*** Given data ***

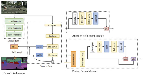- Yu, C.; Wang, J.; Peng, C.; Gao, C.; Yu, G.; Sang, N. BiSeNet: Bilateral Segmentation Network for Real-Time Semantic Segmentation; Computer Vision–ECCV 2018; Ferrari, V., Hebert, M., Sminchisescu, C., Weiss, Y., Eds.; Springer International Publishing: Cham, Switzerland, 2018; pp. 334–349. [Google Scholar]
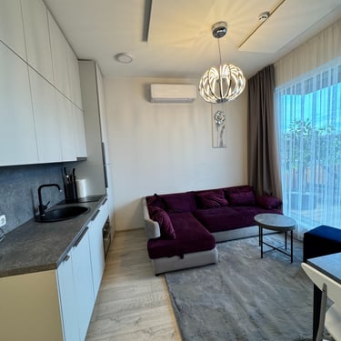Mikis apartamentai Kunigiškėse – jaukūs, su terasa ir visais patogumais, vos 900 m nuo jūros.
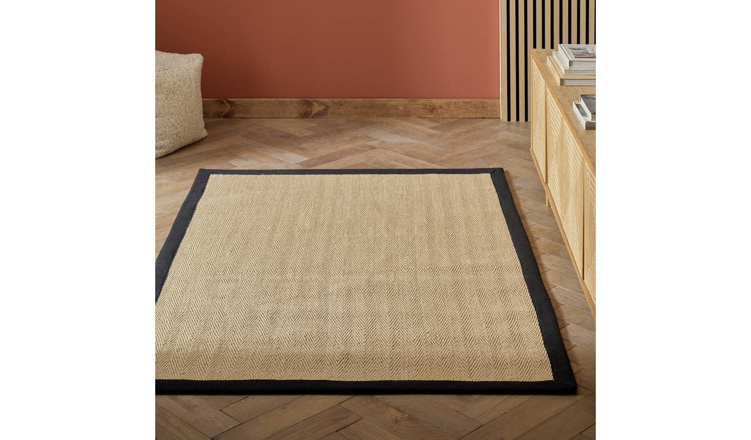 Herringbone Black Border Jute Rug 120x170cm Natural Living Room Floor
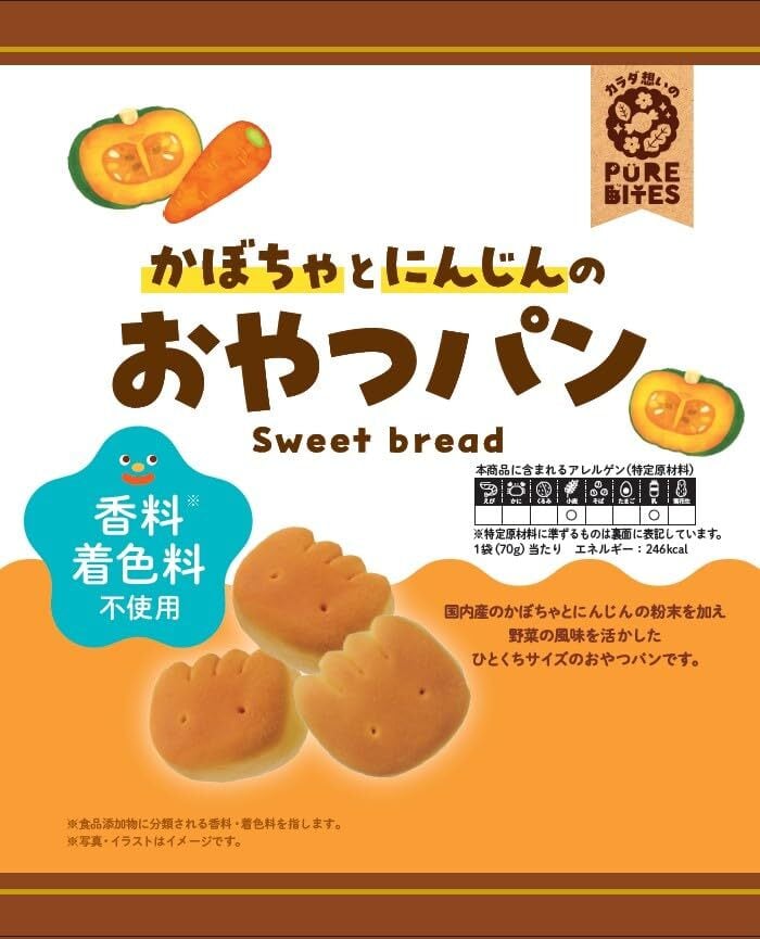商品説明:家族のからだを想うPURE BITES(ピュアバイツ)シリーズです。自然(PURE)な素材の美味しさで、食べたら止まらないひとくちサイズのおやつ(BITES)です。国内産のかぼちゃとにんじんの粉末を加えた野菜の風味と栄養が活きたおやつパンです。
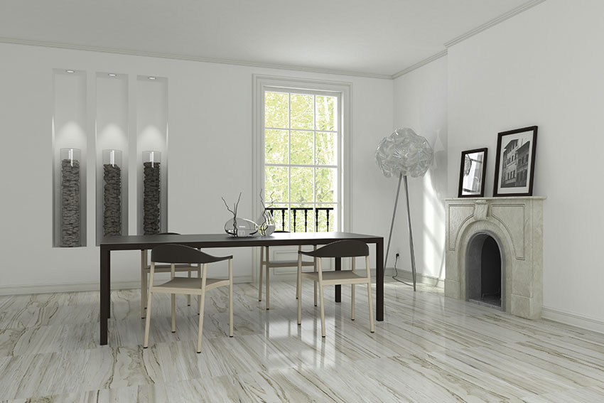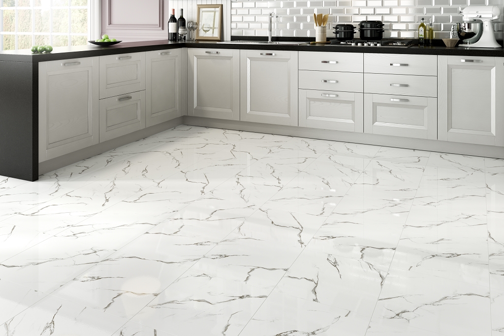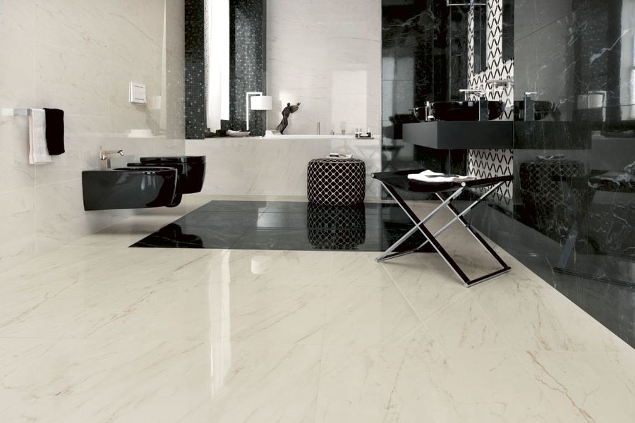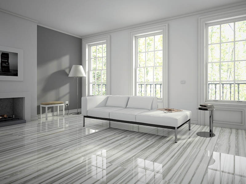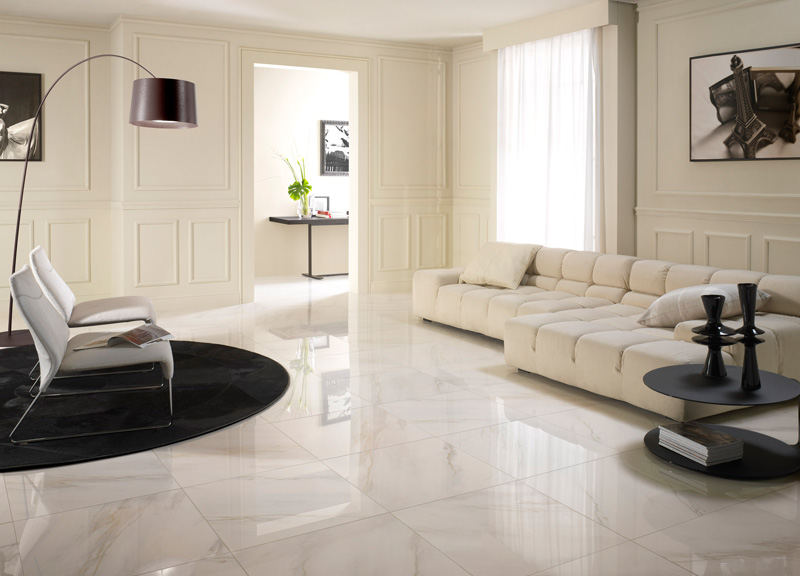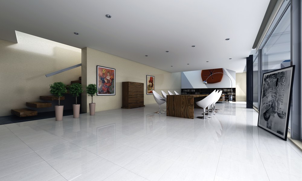 Poliert Fliese hat eine glänzende, glänzende Oberfläche. Es wird verwendet, um dem Inneren durch den Glanz des Polierens Feierlichkeit zu verleihen.Es ist vorzuziehen, das Produkt in trockenen Räumen zu verwenden, da die Oberfläche durch Feuchtigkeit rutschig wird. Es erfordert sorgfältige Wartung, um Flecken oder Staub zu entfernen, der auf einer glatten Fliese sehr auffällig ist.

*** End of Given data ***

* Exercise directions: Beginning with the line that contains "Herringbone Black Border" in the data above, please copy each line exactly until the last line, both ends included, skipping any pictures.

* Answer for this exercise:
 Herringbone Black Border Jute Rug 120x170cm Natural Living Room Floor
商品説明:家族のからだを想うPURE BITES(ピュアバイツ)シリーズです。自然(PURE)な素材の美味しさで、食べたら止まらないひとくちサイズのおやつ(BITES)です。国内産のかぼちゃとにんじんの粉末を加えた野菜の風味と栄養が活きたおやつパンです。
 Poliert Fliese hat eine glänzende, glänzende Oberfläche. Es wird verwendet, um dem Inneren durch den Glanz des Polierens Feierlichkeit zu verleihen.Es ist vorzuziehen, das Produkt in trockenen Räumen zu verwenden, da die Oberfläche durch Feuchtigkeit rutschig wird. Es erfordert sorgfältige Wartung, um Flecken oder Staub zu entfernen, der auf einer glatten Fliese sehr auffällig ist.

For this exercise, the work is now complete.